Generally speaking, this set of values above was retained for all of simulation results later, except where specifically noted.

4 Analysis of Experimental Results

To examine the effectiveness of our model, we take images in the USF (University of South Florida) database as examples. We get the results as shown in Fig. 6.

Fig. 6.
figure 6

Edge detection of images with no noise

From Fig. 6, we can see that the model preserves the complete edges of the image, and the object can be identified from the extracted result. Canny-operator can extract the basic edges. But it also regards some non-edge as the edges, which causes some false detection. The property of Prewitt-operator is between our model and Canny-operator. In a word, our model is better than Canny-operator and Prewitt-operator.

Anti-noise performance and robustness is an important indicator of edge detection performance. In order test the robustness of our model, we analyze the detected edges of three methods after adding salt and pepper noise (density is 0.1), Gaussian noise (mean value is 0 and variance is 0.1) into the original images, respectively. The results are as shown in Figs. 7 and 8.

Fig. 7.
figure 7

Edge detection of images with salt & pepper noise

Fig. 8.
figure 8

Edge detection of images with Gaussian noise

It can be seen from Fig. 7 that after the adding salt and pepper noise, the images have a large number of pixel points with gray mutation, so that the edges are weakened. And the edge detection becomes more difficult because most methods utilize sudden changes of pixel values in images. The Canny-operator and Prewitt-operator have a large number of false detections in this case. It is difficult to identify the objects. Instead, our model can extract most edges and contain the basic appearance at the same time.

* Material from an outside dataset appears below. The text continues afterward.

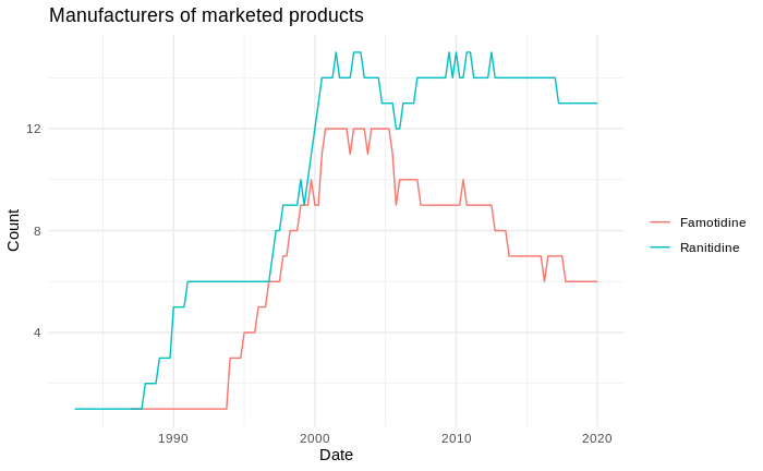 Looks to be that famotidine had its heydey in the early 00s and has since lost manufacturers, where as ranitidine did not. We see that 20 year trend of losing manufacturers is reflected in the decline in the number of marketed famotidine products (see the first chart, note the decline). What we don’t see is a sudden drop in the number of manufacturers around 2017 corresponding to the drop in marketed H2-blockers. This suggests the drop in marketed H2-blockers comes from manufacturers producing fewer versions of the drugs.

From Fig. 8, we find that after adding Gaussian noise, there is a certain gray gradient everywhere. The noise created blurring at the edge. Detecting edge has become more difficult as well. In this case, Canny-operator is more sensitive to Gaussian noise and brings a lot of noise into the edges detected. And we can hardly identify the basic shape of the object. The Prewitt-operator and our model both have good performance in detecting edges in images with Gaussian noise. But Prewitt-operator regards some obvious edges as discontinuous points, and our model is better than it.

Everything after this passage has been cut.